Global assessment systems in education need to change, fast.

If ChatGPT and LLM technologies have demonstrated anything over the last weeks, it is that the human skills that differentiate us from a machine need to be nurtured and developed and we need to work together to develop our education and assessment systems to reflect this.

CENTURY Tech
9 min readJan 20, 2023

By Priya Lakhani OBE, CENTURY Tech Founder CEO

A couple of months ago you would have been forgiven if you had never heard of Language Learning Model Technology, or Natural Language Processing (NLP). In fact, you still may be unfamiliar with the technical terminology, but you are likely to have stumbled across the free platform that has slogged through 300 billion words and 570 gigabytes of data to be able to draft essays, answer test questions, create marketing hooks for LinkedIn and even offer financial advice: Open AI’s ChatGPT. ChatGPT has exploded from relative obscurity into mainstream ubiquity in the past few weeks and catapulted this technology into headline news. Other players in the field include Stability AI and Google.

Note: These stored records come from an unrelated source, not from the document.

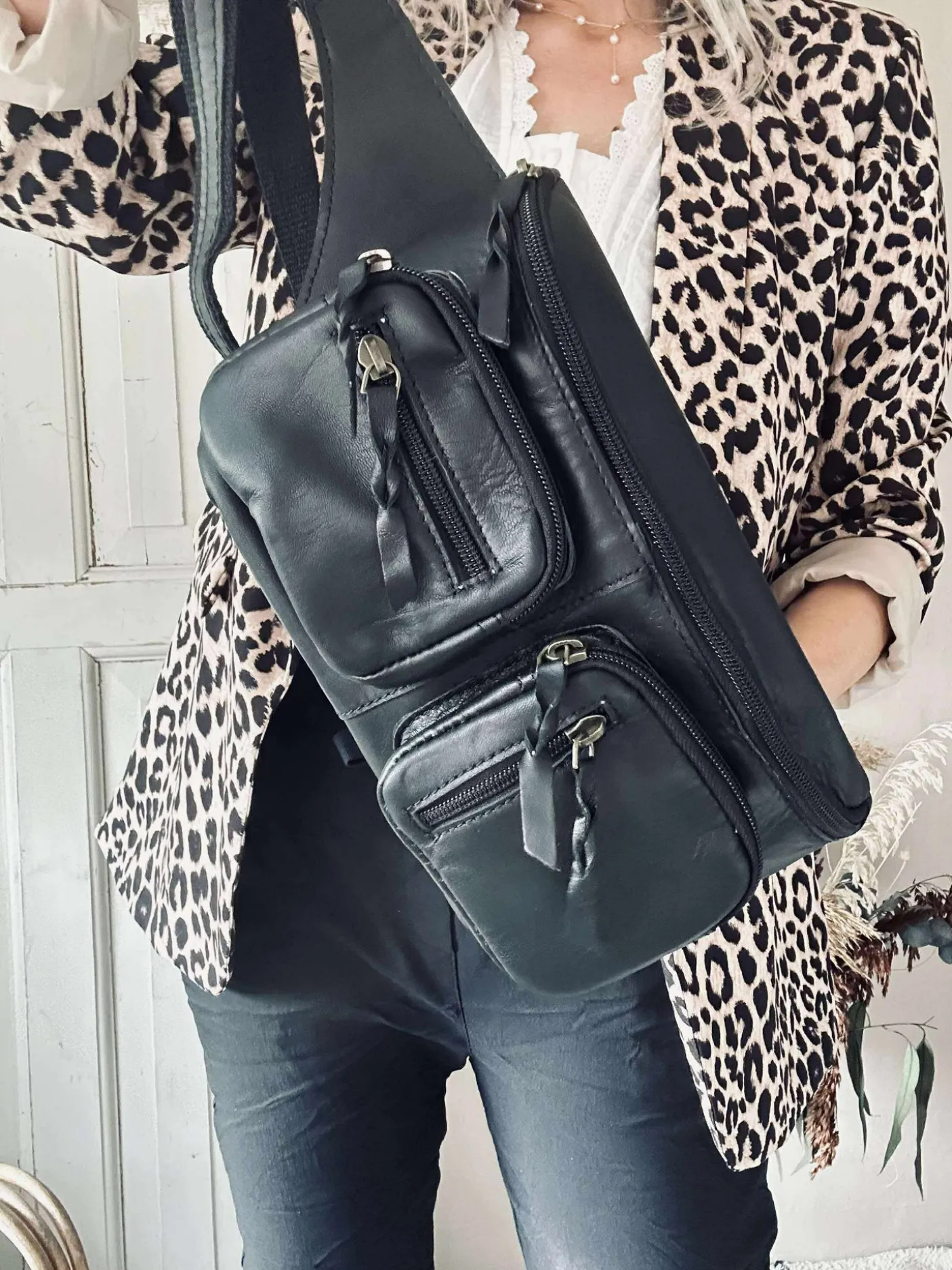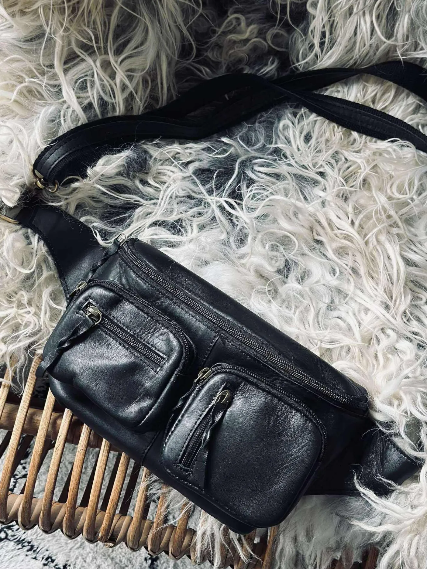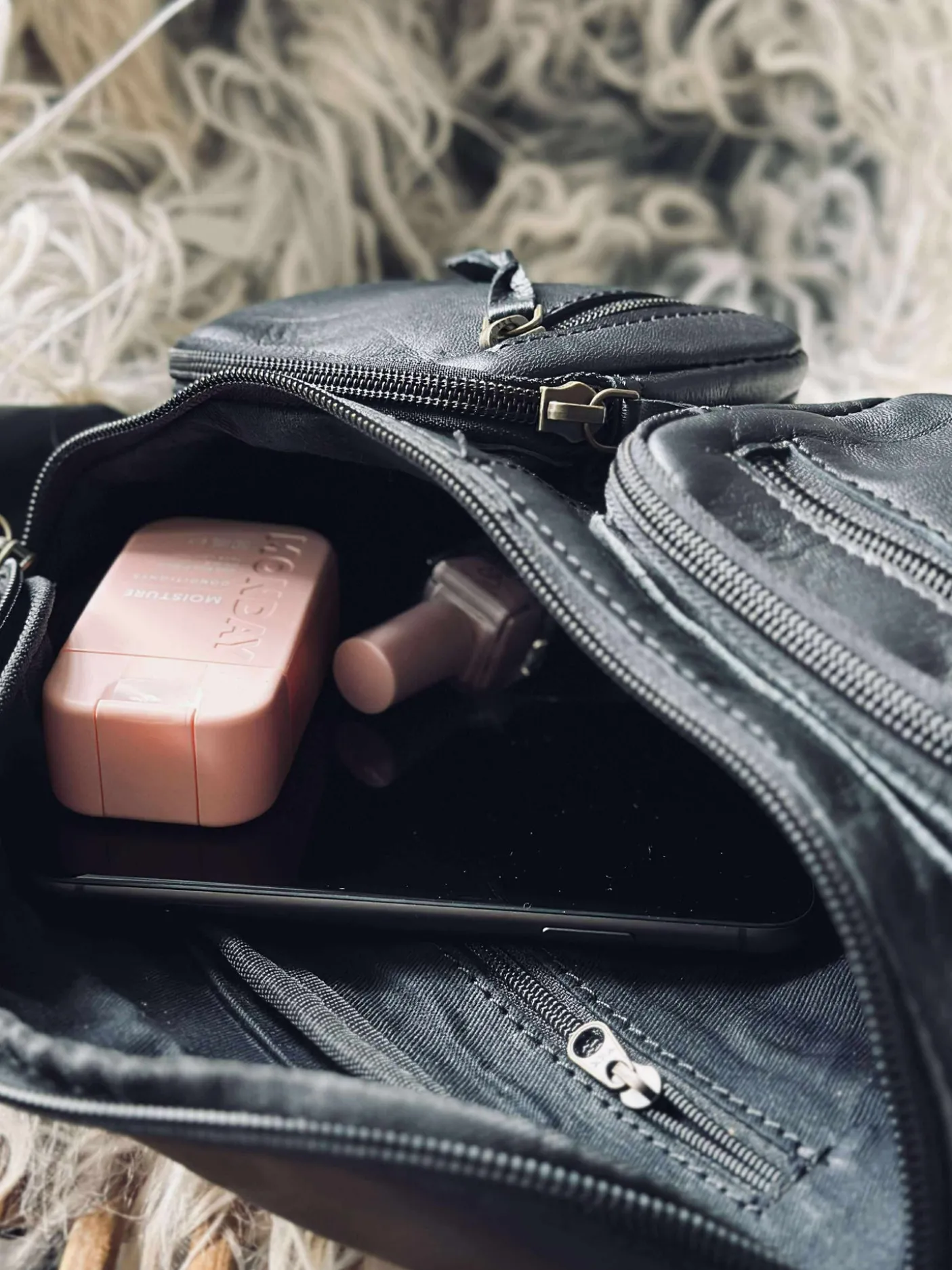 På fronten af tasken ses to rum med flere lynlåse.
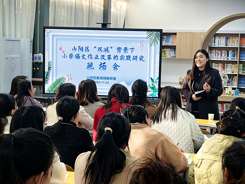 冬日暖陽萬物藏,小雪沉香悅時光。為進(jìn)一步深入落實“雙減”政策,深入推進(jìn)小學(xué)語文作業(yè)改革,促進(jìn)學(xué)生核心綜合素養(yǎng)發(fā)展,2023年11月22日,在焦作市山陽區(qū)教育局教研室的組織下,在山陽區(qū)塔南路小學(xué)圖書館舉行了“雙減”背景下小學(xué)語文作業(yè)改革實踐研究現(xiàn)場會。山陽區(qū)教育局教研室副主任楊華、教研員吳琳老師蒞臨會議,來自全區(qū)各小學(xué)的60余名業(yè)務(wù)領(lǐng)導(dǎo)和語文骨干教師參加了此次現(xiàn)場會。
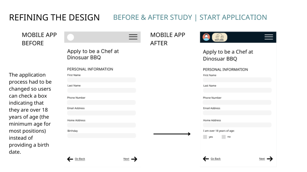 - 1/5 study participants felt uncomfortable providing a birth date, as a result the application process had to be changed so users can check a box indicating that they are over 18 years of age (the minimum age for most positions) to avoid agism.
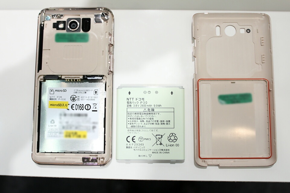 P-03Eは、IPX5/IPX7等級の防水性能およびIP5X等級の防塵性能に対応しているため、本体上部側面のmicroUSB端子のカバーとリアカバーの内側には液体の侵入を防ぐパッキンが取り付けられている。電池パックはP30、3.8V 2600mAh 9.9Whのものが使われていた。2000mAhを大きく超えるバッテリー容量となっている。
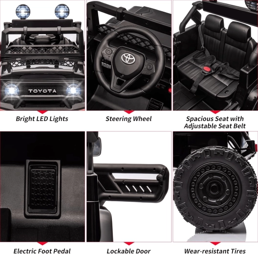 Razveselite otroke z električnim avtom, navdihnjenim z ikonično znamko TOYOTA. Združuje privlačen dizajn s praktičnimi funkcijami za vsakodnevno zabavo doma in na prostem. Zaradi bogate opreme in varnostnih elementov je idealna izbira za prve vožnje.
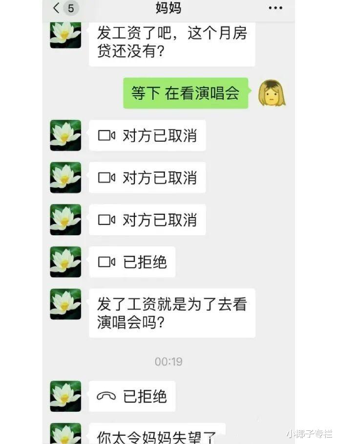 “发了工资就是为了去看演唱会吗?你太令妈妈失望了。”
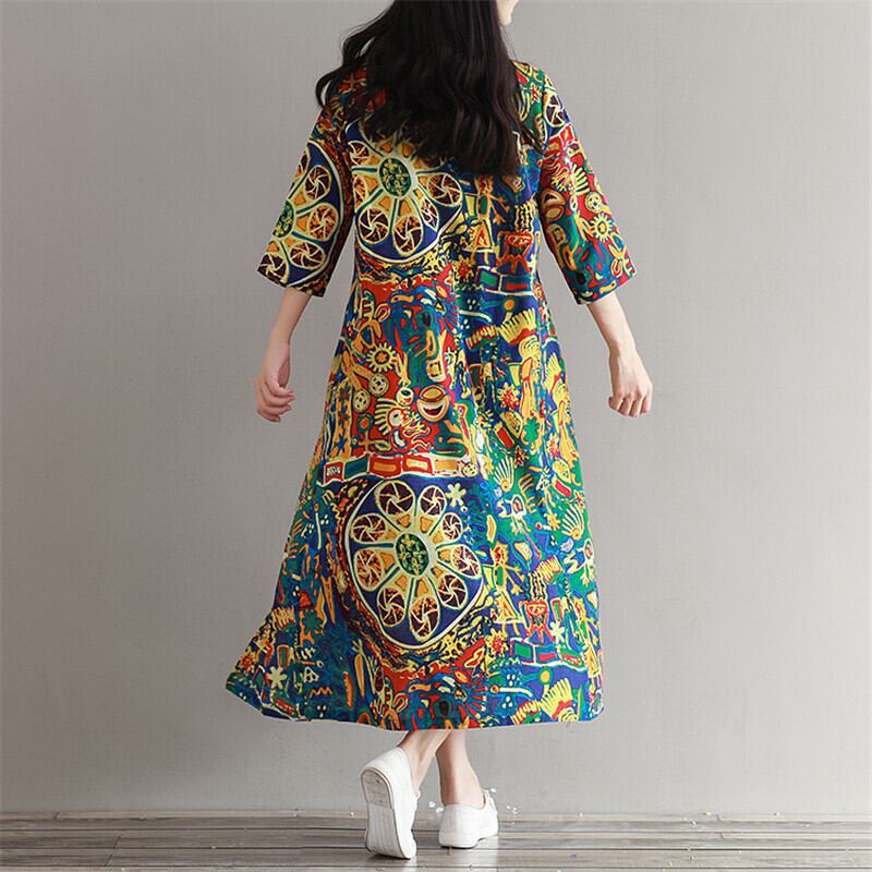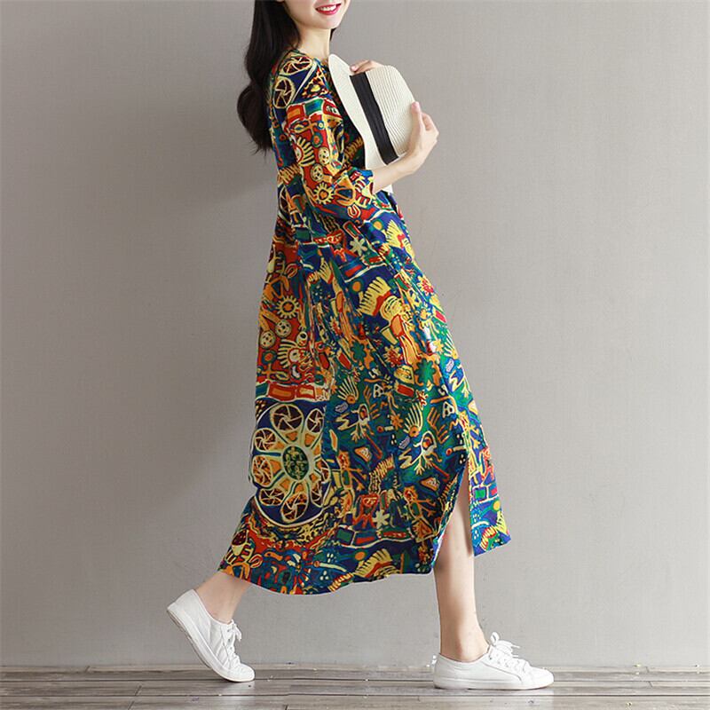 送料無料୨♥୧ オータムスプリングレディースヴィンテージロングドレス ラウンドネックプリント半袖スリーブガウン コットン ハーフスリーブ 大人ガーリー スウィート キュート カジュアル 春物 秋物 Oネック ビンテージ AOS48051357951

One of the areas that has come under scrutiny and which is the subject of many of the education world’s twitterati feeds has been the integrity of education if such technology is ‘misused’, from some people claiming it would get good grades in humanities exams, to others speculating on the death of essays, and even raising fears about the ease of cheating. What is to stop students deciding to use a chat bot to do all their homework for them? Is this the end of an era of good writing and the start of one of supercharged cheating?

While I do not believe that Language Learning Model Technology will be catastrophic to current models of education delivery, we must be conscious of where it can disrupt aspects of teaching, learning and assessment. ChatGPT certainly could be used by disingenuous students to cheat on homework (ultimately to their own detriment) which could create undiagnosed learning gaps that our already resource-stretched time-poor teachers will need to try and fill, and it could give some an unfair advantage on assessed coursework. However, simply trying to ban this technology, fight change or live in ignorance will not help. The train has left the station — the technology isn’t going away and there is no sign of students reducing their engagement with it. Quite the contrary. The technology is far better than it was even two months ago, thanks to humans experimenting with it and training it.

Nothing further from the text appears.